Notably, preliminary analysis using the MatInspector software (Genomatix Software GmbH) [71] allowed us to identify the presence of putative KLF7 binding site in the SNAIL-, ZEB2-, Vimentin- and CD44-promoter regions (data not shown). These results support the hypothesis that KLF7 may regulate these targets at the transcriptional level, although this assumption requires experimental validation.
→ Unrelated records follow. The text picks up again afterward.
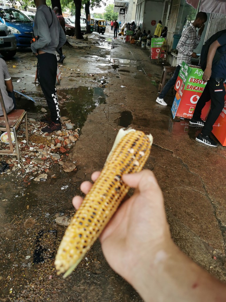 I bought a kernel of grilled corn in the street. Not as delicious as I expected, but not terrible. Probably would have been a lot better with a little salt.
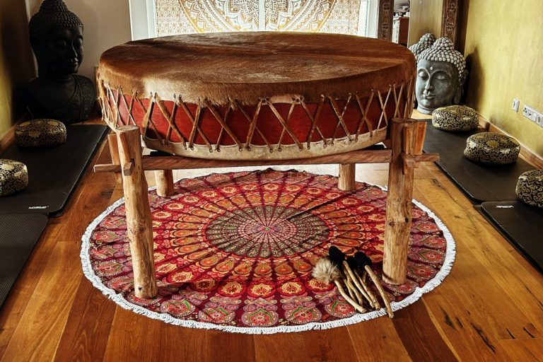 Erlebe die transformative Kraft einer Motherdrum Healing Session. Eingehüllt in die tiefen, erdenden Klänge der Trommel, findest du Ruhe und Heilung für Körper und Geist. Lass dich von den Vibrationen durchströmen und erde dich tief. Alte Muster werden aufgebrochen und können abfließen.
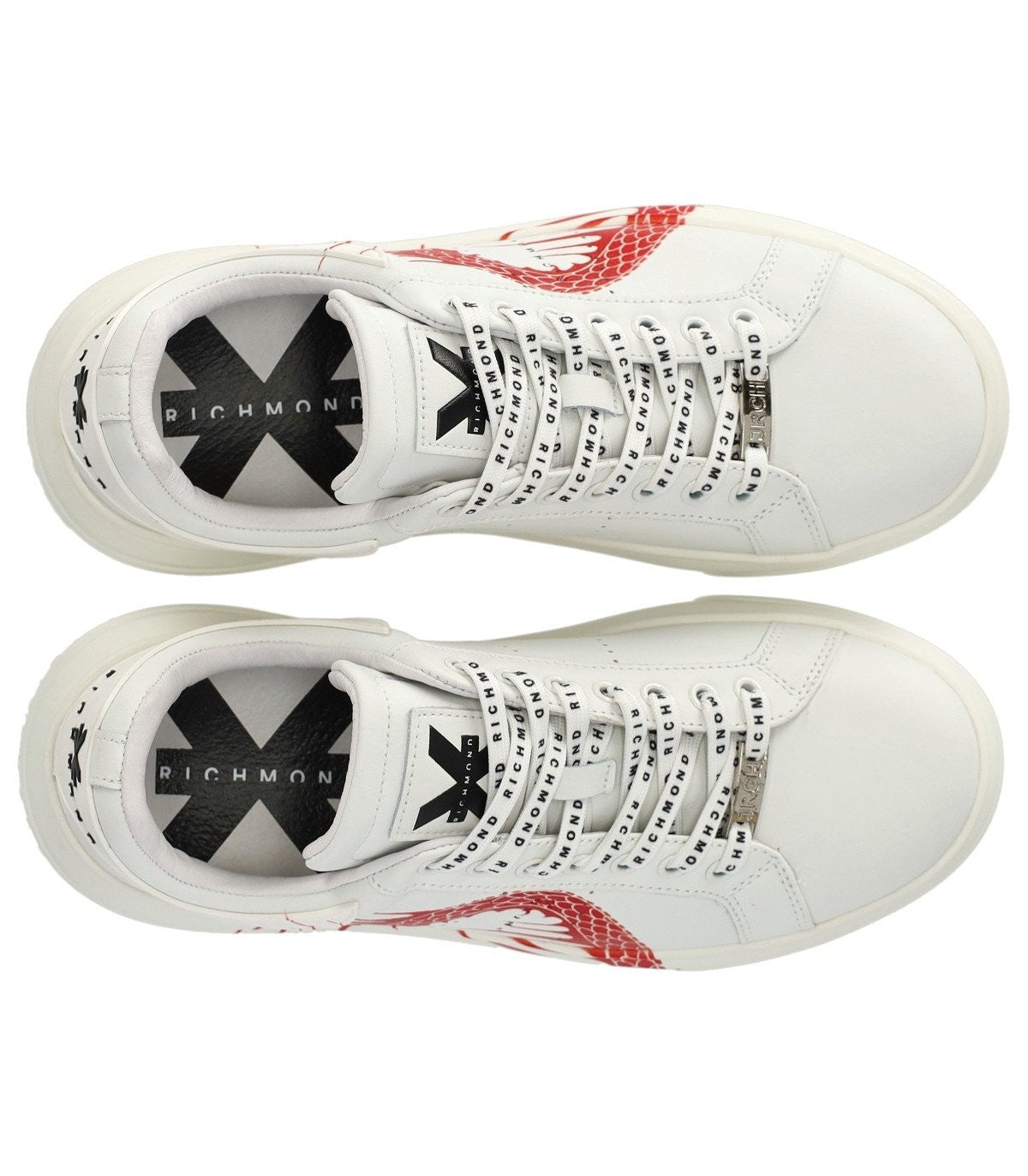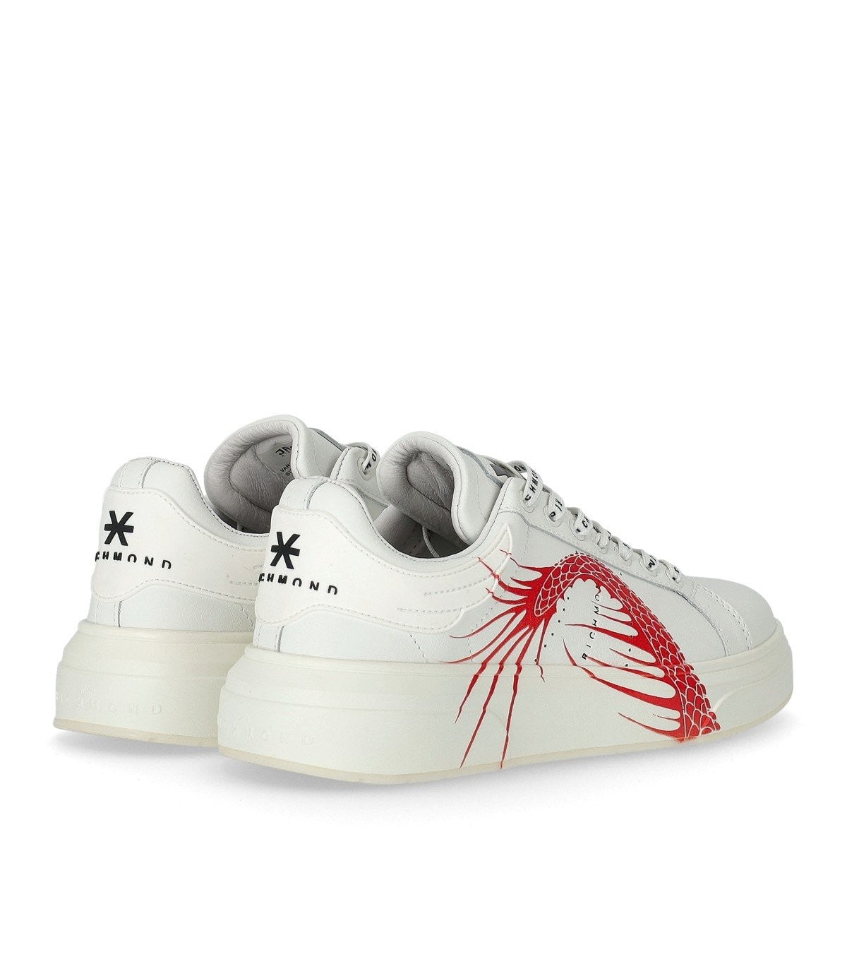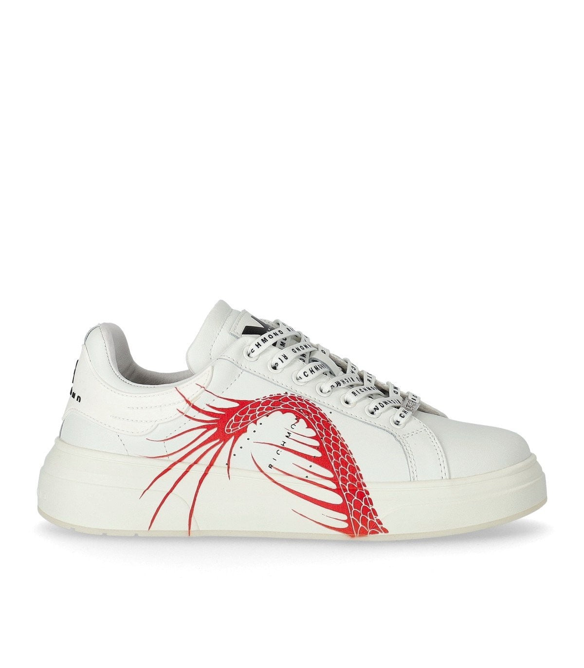 Dragon Sneaker Johna Richmonda w białej skórze z czerwonym smokiem z boku. Logo na języku iz powrotem. Wewnętrzne i wyjmowane wkładka ze skóry. Gumowa podeszwa, wysokość 4,5 cm. Wkładka i wnętrze ze skóry.
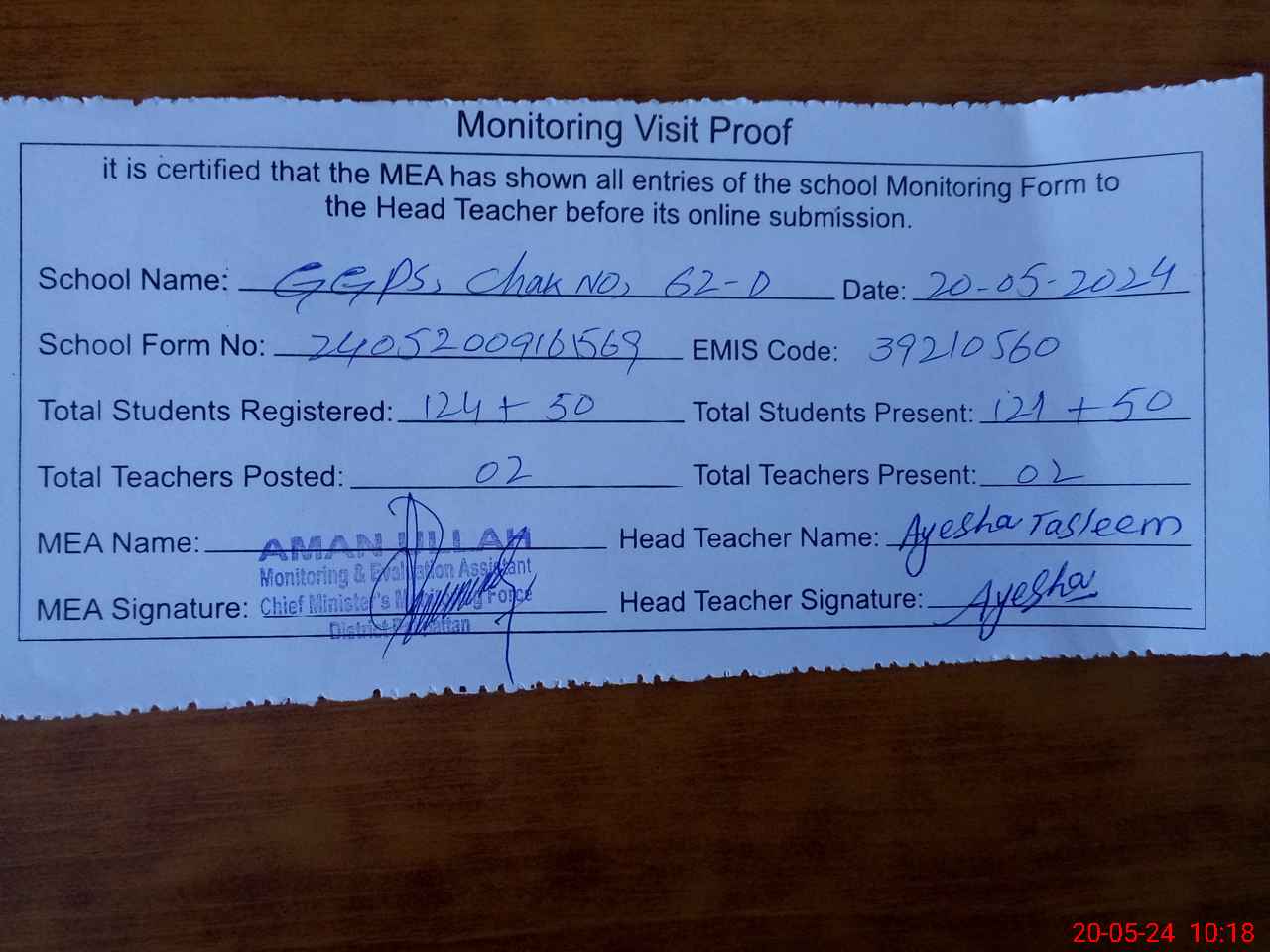 | Attendance Register | Head Teacher | MEA with School | Visit Proof |

Overall, the available literature and our data support the idea that KLF7 oncogenic activity may progress via different pathways, mainly affecting the EMT-program and cancer stemness. Therefore, targeting KLF7 by small compounds may open new possibilities for ovarian cancer treatment. Up to now experimental three-dimensional structural information is not available for KLF7, therefore in the current study we firstly generated a computational model structure of the transcription factor that could serve as starting point for structure-based drug design. In silico homology modelling in fact provides a valuable alternative to generate reasonable three-dimensional model structures for drug discovery [72]. Thereafter, based on the characteristics of the target druggable site we used a docking-based virtual screening to identify putative KLF7 inhibitors. Molecular docking is indeed a powerful tool for identifying the binding modes of ligands to receptors of biomedical relevance [73, 74]. However, docking scoring functions employed in high-throughput virtual screening lack accuracy in the approximation of binding affinities of protein-ligand complexes [75]. Hence we filtered the 10 top ranking poses from docking results on the basis of MMG-BSA method, which generally outperforms the scoring functions of docking algorithms [76]. Results obtained have finally allowed the identification of initial hit compounds for further medicinal chemistry optimization to improve their potency and/or selectivity as potential candidates for clinical therapy. Besides, future studies are already planned in our Department to test the efficacy of the virtual hits in preclinical experimental models.

Conclusion

Collectively, our findings demonstrated for the first time the biological function and underlying mechanism of KLF7 in HGSOC, suggesting it as a promising prognostic marker and therapeutic target. Besides, computational analysis and predictive modelling of discovery have allowed the identification of hit compounds that could be exploited for developing future therapies.